Web Archive Collection Service - Harvard University Library

The public interface for Harvard's new Web Archive Collection Service (WAX) launched on February 4, 2009. WAX began as a pilot project in July 2006, funded by the University's Library Digital Initiative (LDI) to address the management of web sites by collection managers for long-term archiving. It was the first LDI project specifically oriented toward preserving "born-digital" material. WAX has now transitioned to a production system supported by the University Library's central infrastructure.

Collection managers, working in the online environment, must continue to acquire the content that they have always collected physically. With blogs supplanting diaries, e-mail supplanting traditional correspondence, and HTML materials supplanting many forms of print collateral, collection managers have grown increasingly concerned about potential gaps in the documentation of our cultural heritage.

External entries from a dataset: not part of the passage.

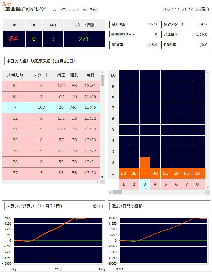 プラスマイナス10万円強の機械って怖いな。うちの近所はヴァルヴレイヴが大手でも入って数台程度。数十台導入するところは設定期待できそうだが、初日で6引いた人はいいよな。初期投資いくらかかるのやら。夜には阿鼻叫喚の書き込みだらけだろう。
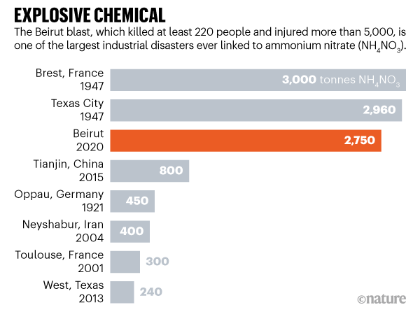 The blast is one of the largest accidental ammonium nitrate explosions ever recorded (see ‘Explosive chemical’) — so powerful that it was heard more than 200 kilometres away in Cyprus. The sheer amount of ammonium nitrate involved is “nuts, insane, huge”, says Andrea Sella, a chemist at University College London.
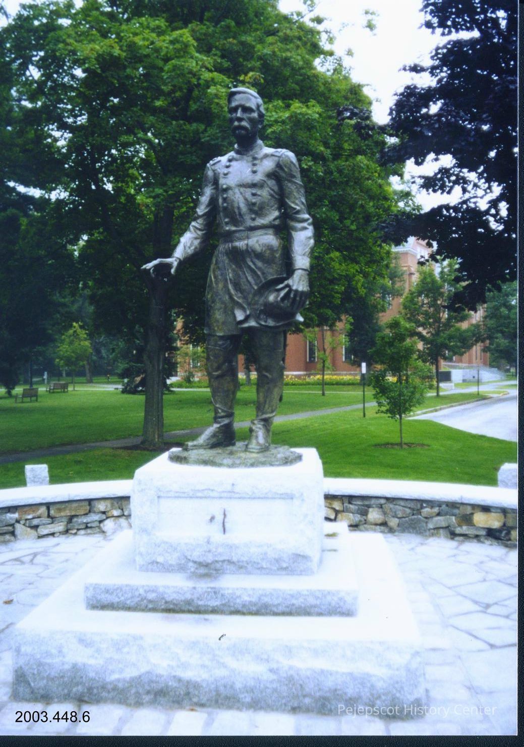 A color photograph of the Joshua L.Chamberlain statue in Brunswick, Maine, was taken in August 2003.
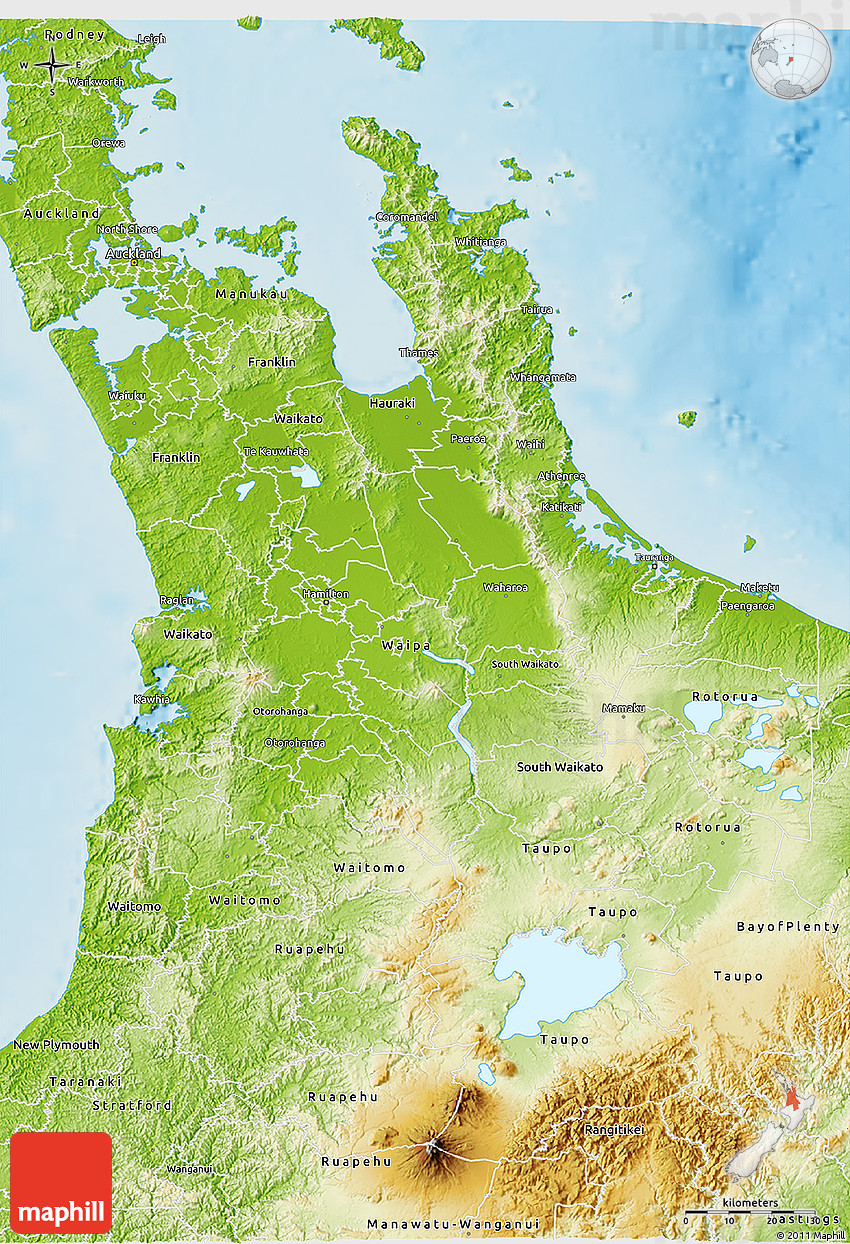 Physical map illustrates the mountains, lowlands, oceans, lakes and rivers and other physical landscape features of Waikato. Differences in land elevations relative to the sea level are represented by color.
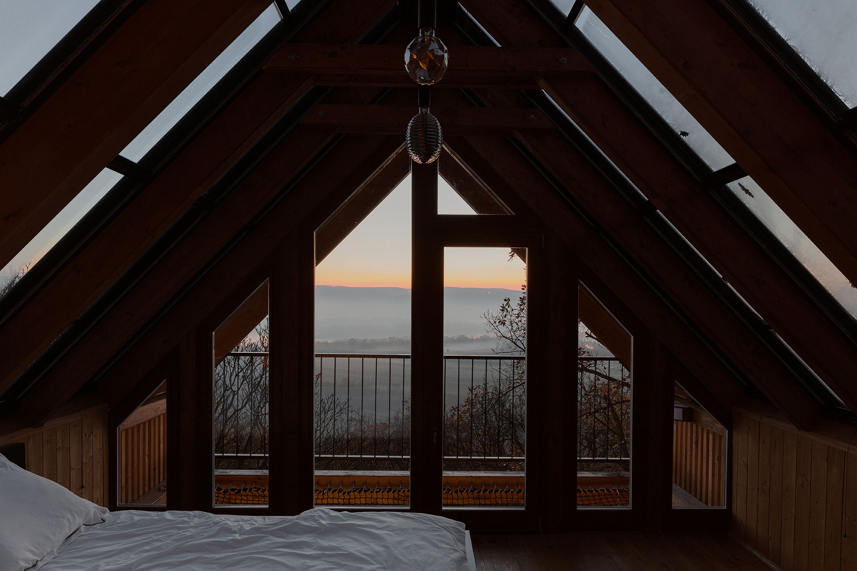 The special feature of the house is its appearance at night, as it glows in the dark like a lantern in the forest. The roof is made of glass, so one can sleep under the stars indoors.
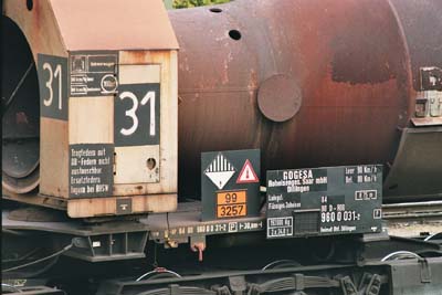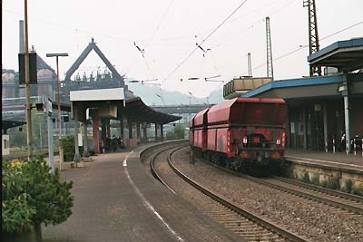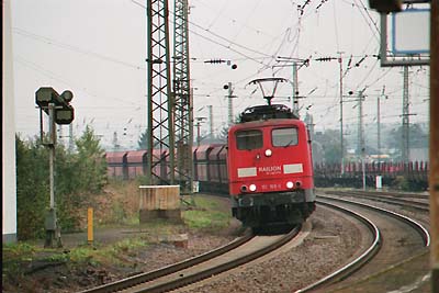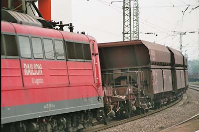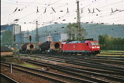 Interessanter ist dann schon die 151 169, die eine Erzleergarnitur saarabwärts schleppt. Speziell auch wegen des Zwischenwagens, der den Übergang von normaler Zug-/Stoßeinrichtung auf AK (und damit z. Bsp. Nachschub im Spessart [grins]) ermöglicht.
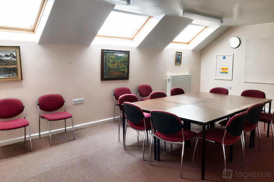 The separate meeting room, measuring 7 meters x 4 meters, is a bright, day-lit room featuring three Velux windows. It comes with tables and chairs and a small kitchen. Plus, it offers full wheelchair accessibility with step-free access.
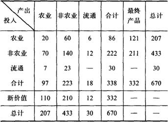 从表中可以看出,农业和非农业部门的物质消耗是按消费者价格计算的,其中包含了它们支付的流通费用,而表中“流通”一行的数字又是农业和非农业部门支付的流通费用,因此按消费价格编制投入产出表会造成流通费用的重复计算 |
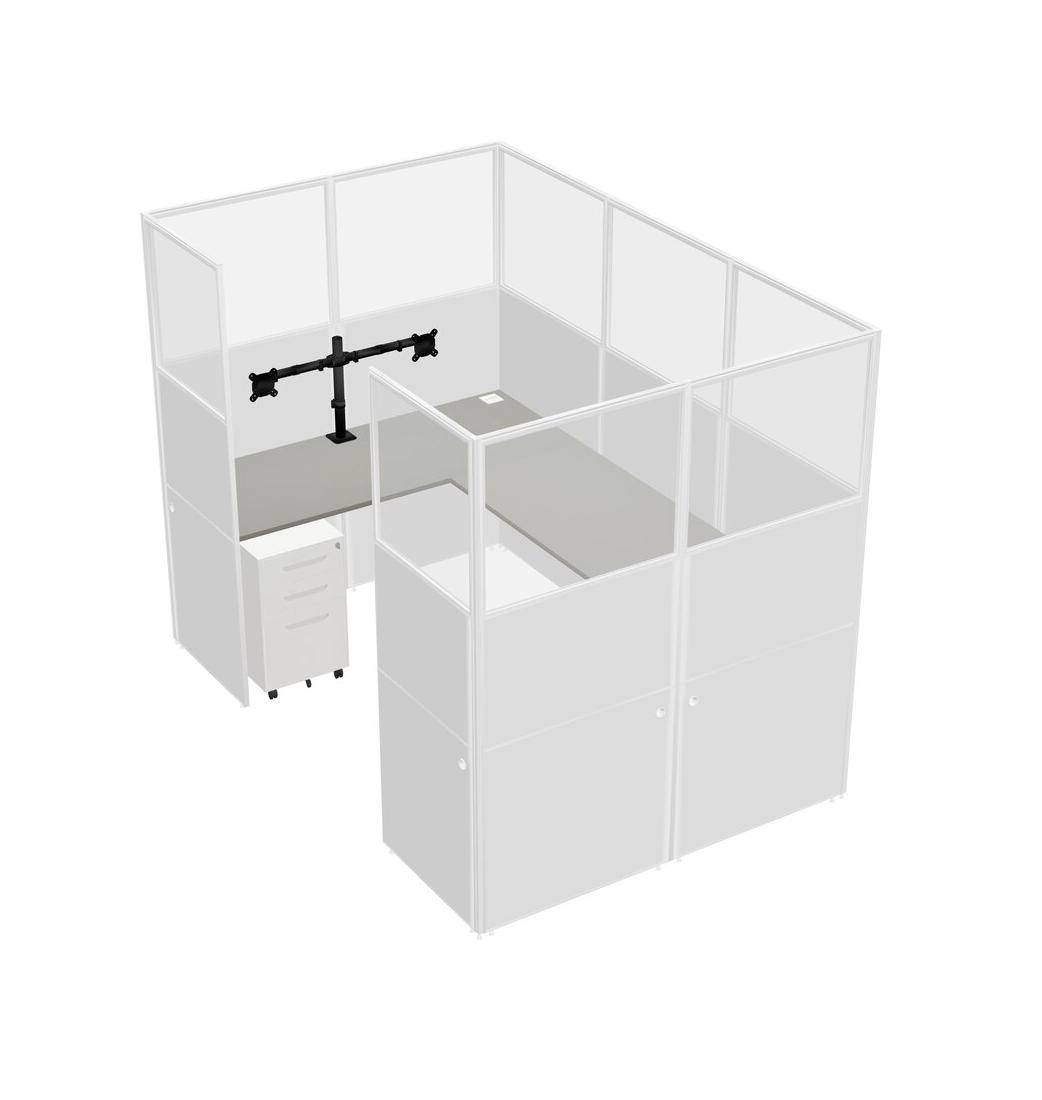 Système De Panneaux En U Grey Shadows Pour 1 Personne + Bras D'écran (bras Doubles) + Tiroirs Mobiles En Métal Pour 1 Utilisateur(s)
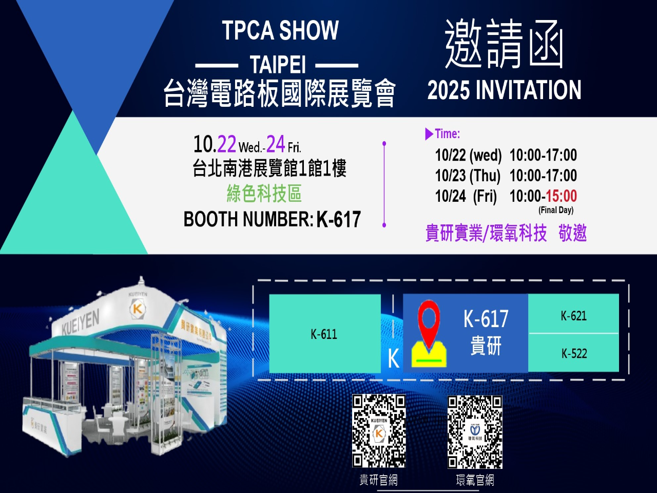 貴研實業有限公司 與 環氧科技有限公司 將聯合參與「第26屆台灣電路板國際展覽會」,誠摯邀請業界夥伴、合作廠商及有興趣的朋友蒞臨參觀~
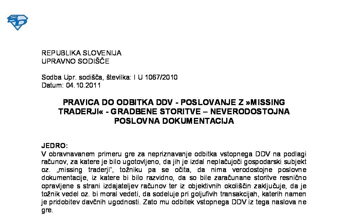 IZPOLNJEVANJE POGOJEV ZA DOBAVO BLAGA ZNOTRAJ UNIJE, OPROŠČENO PLAČILA DDV NA PODLAGI 46. ČLENA ZDDV-1 – Nepopolne CMR listine (I U 1704/2021-38) 27.11.2024 15.10.2025

WAX was developed as an initial--and only partial--response to these and other concerns, which range from technical feasibility to legal and financial implications. The pilot focused on harvesting content from the surface web--content that is discoverable to search engines through web crawlers, as opposed to content hidden from web crawlers in a database or restricted by password or login protection.

The WAX pilot was designed to address the capture, management, storage, and display of web sites for long-term archiving. It was a collaboration of the University Library's Office for Information Systems with three University partners, each fielding a single project: the Harvard University Archives (Harvard University Library); the Arthur and Elizabeth Schlesinger Library on the History of Women in America (Radcliffe Institute for Advanced Study); and the Edwin O. Reischauer Institute of Japanese Studies (Faculty of Arts and Sciences, with sponsorship from Harvard College Library).

The WAX system was built using several open source tools developed by the Internet Archive and other International Internet Preservation Consortium (IIPC) members. These IIPC tools include the Heritrix web crawler; the Wayback index and rendering tool; and the NutchWAX index and search tool. WAX also uses Quartz open source job scheduling software from OpenSymphony.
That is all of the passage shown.